Central Nervous System Pathology
Cerebral Oedema and Raised Intracranial Pressure
= Brain and spinal cord are protected by rigid compartment of the skull – cerebral oedema, increases in CSF volume and focally expanding lesions can cause raised intracranial pressure (ICP)
Two types of oedema:
- Vasogenic = blood-brain barrier disruption, increased vascular permeability. Can be localised or generalised. Seen in inflammation or neoplasm.
- Cytotoxic = increase in intracellular fluid due to neuronal/ glial/endothelial cell injury. Seen in hypoxic/ ischaemic insults.
In practice, conditions with generalised oedema are associated with elements of vasogenic and cytotoxic oedema.
Hydrocephalus
= Accumulation of excessive CSF within ventricular system
Mostly due to impaired flow and reabsorption of CSF, rarely with overproduction
Two types:
- Non communicating = only a portion of ventricular system is enlarged
- Communicating = enlargement of entire ventricular system
Hydrocephalus ex vacuo = dilation of ventricular system with compensatory increase in CSF volume secondary to loss of brain parenchyma.
Raised ICP and Herniation
= Raised ICP leads to mass effect within the brain and herniation syndromes:
- Subfalcine (cingulate gyrus) herniation = expansion of cerebral hemispheres displaces cingulate gyrus under the falx cerebri, can cause ACA compression
- Transtentorial (uncinate) herniation = medial aspect of temporal lobe compresses against free margin of tentorium, cranial nerve III can be compressed
- Tonsillar herniation = displacement of cerebellar tonsils through Foramen of Magnum, life threatening due to brainstem compression and compromise of respiratory/ cardiac centres in medulla
Traumatic CNS injuries
Skull fractures
Classification:
‘Displaced’ if the bone has moved into cranial cavity by a distance greater than the thickness of the bone.
‘Diastatic’ if crosses suture lines
Base of skull fracture is suspected if orbital/ mastoid haematoma, CSF rhinorrhoea/ otorrhea (increased risk of meningitis) or lower cranial nerve deficits.
Parenchymal injuries
Concussion
= Clinical syndrome of altered consciousness secondary to head injury
Sx: Instantaneous onset of transient neurologic dysfunction (loss of consciousness, temporary respiratory arrest, loss of reflexes) with persisting amnesia of events.
Direct
= Contusion or laceration of the brain due to transmission of kinetic energy to soft tissues
Results in tissue displacement, disrupted vascular channels, haemorrhage and oedema.
Crests of gyri, frontal and temporal lobes most susceptible.
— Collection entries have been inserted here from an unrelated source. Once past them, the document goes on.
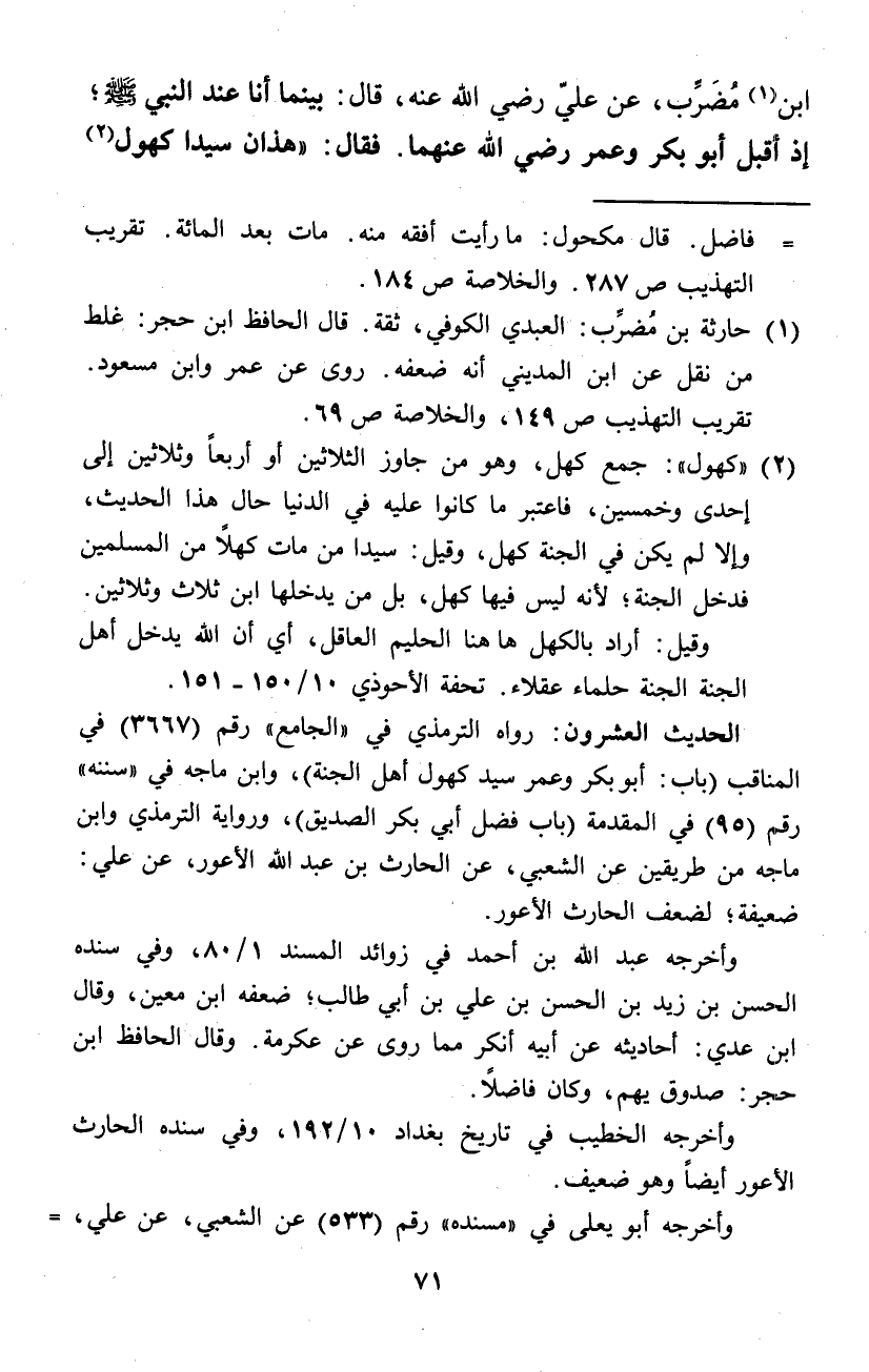 ابْن مضرب عَن عَليّ رَضِي الله عَنهُ قَالَ بَيْنَمَا أَنا عِنْد النَّبِي صلى الله عَلَيْهِ وَسلم إِذْ أقبل أَبُو بكر وَعمر رَضِي الله عَنْهُمَا فَقَالَ هَذَانِ سيدا كهول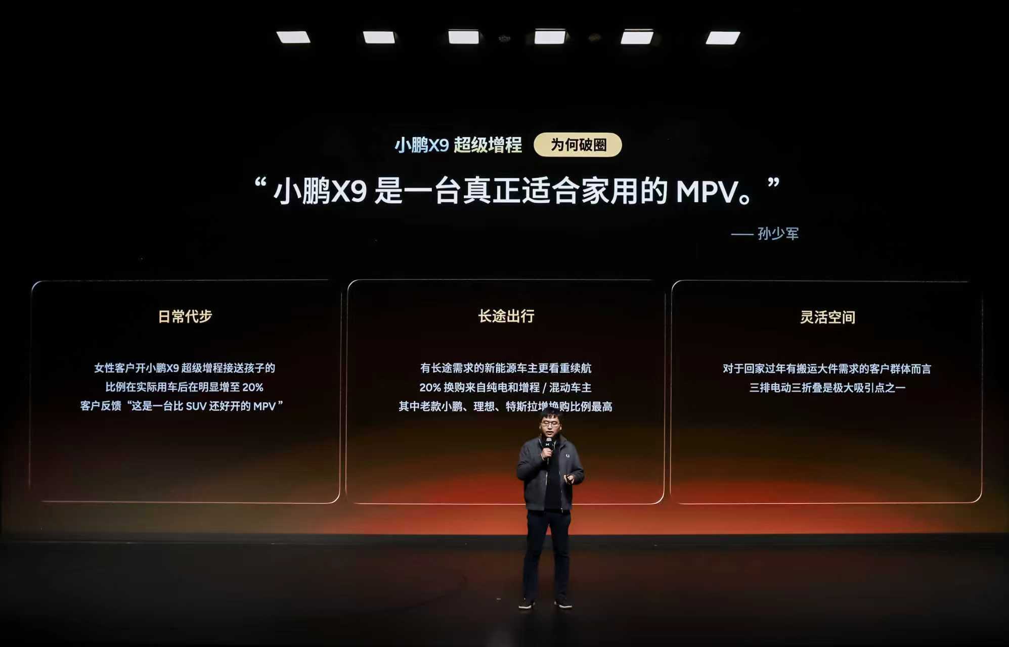年轻人开的最多MPV是小鹏X9增程版,90后占比57.2%,00后占比13.7%,同时小鹏X9超级增程在北方核心城市销量增幅超300%,打破品牌地域限制。小鹏X9超级增程兼顾轿车的个性、SUV的操控,MPV的超大空间,真正的宜家出行。今年小鹏开启「移动充电站」公益合伙人计划,目前已有1000位小鹏X9先锋车主加入,用户可在春运路上使用V2V车对车充电。小鹏X9年轻家庭的第一台MPV小鹏X9超级增程首个用户画像报告发布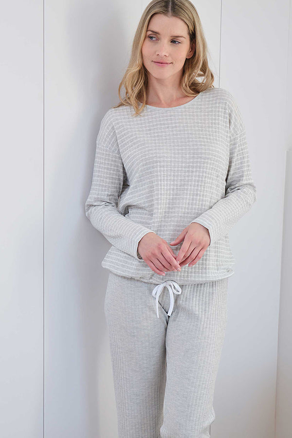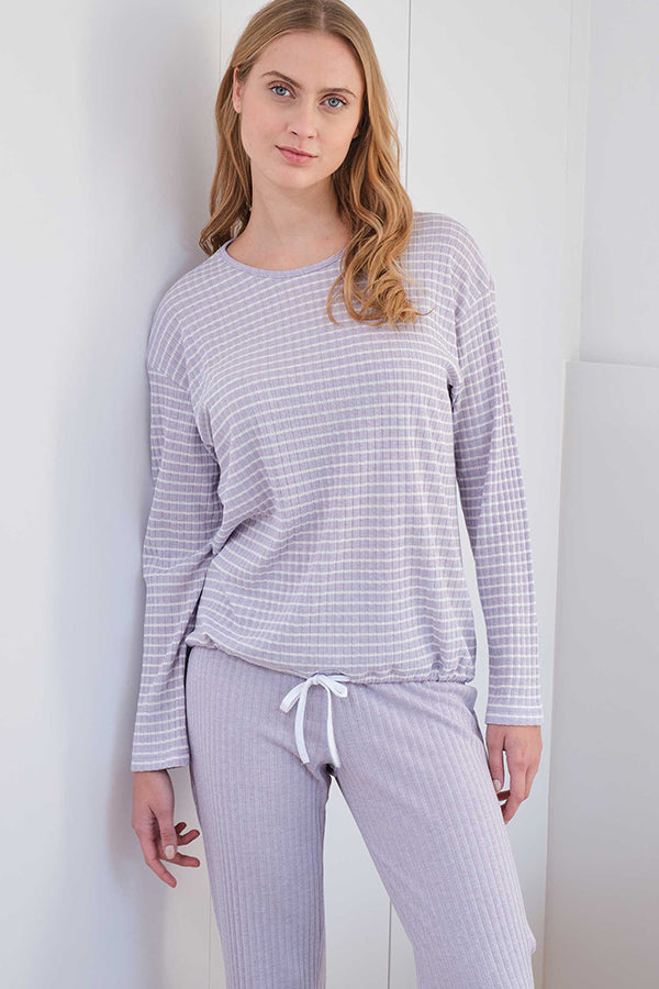 Pijama de mujer, compuesto por camiseta con tejido desagujado listado. manga larga, cuello redondo y tira de ajuste en bajo. Pantalón largo en tejido desagujado liso y goma en cintura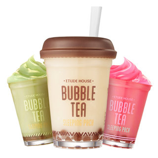 エチュードハウスのバブルティーナイトパックは、まるでタピオカドリンクみたいなキュートなデザインがSNS映え◎な、夜寝る前用のスペシャルケアアイテムです。ヒアルロン酸などの保湿美容成分がたっぷりと配合されたひんやりジェルをお休み前に顔全体に塗ります。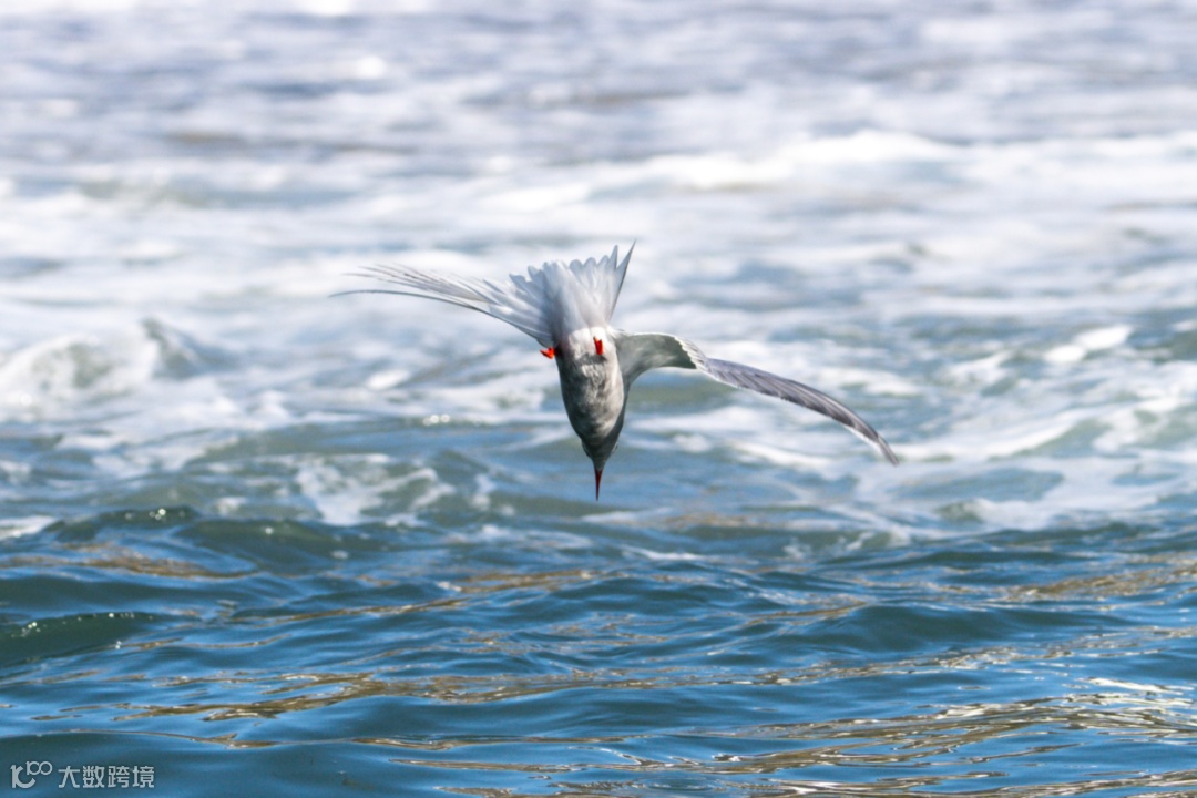 南乔治亚岛库珀湾 扎向海面的南极燕鸥

Coup injury = contusion at point of contact
Contrecoup injury = contusion on brain surface diametrically opposite
Diffuse axonal injury
= Injury to deep white matter regions
Results in diffuse axonal swelling and focal haemorrhagic lesions.
Traumatic vascular injury
Epidural
= tearing of dural arteries (middle meningeal artery) causing haematoma to separate dura from inner skulls surface. Do not cross suture lines, convex shape. May expand rapidly and require prompt drainage.
Subdural
= rupture of bridging veins between inner surface of dura and outer arachnoid layer. Cross suture lines, characteristic crescentic shape.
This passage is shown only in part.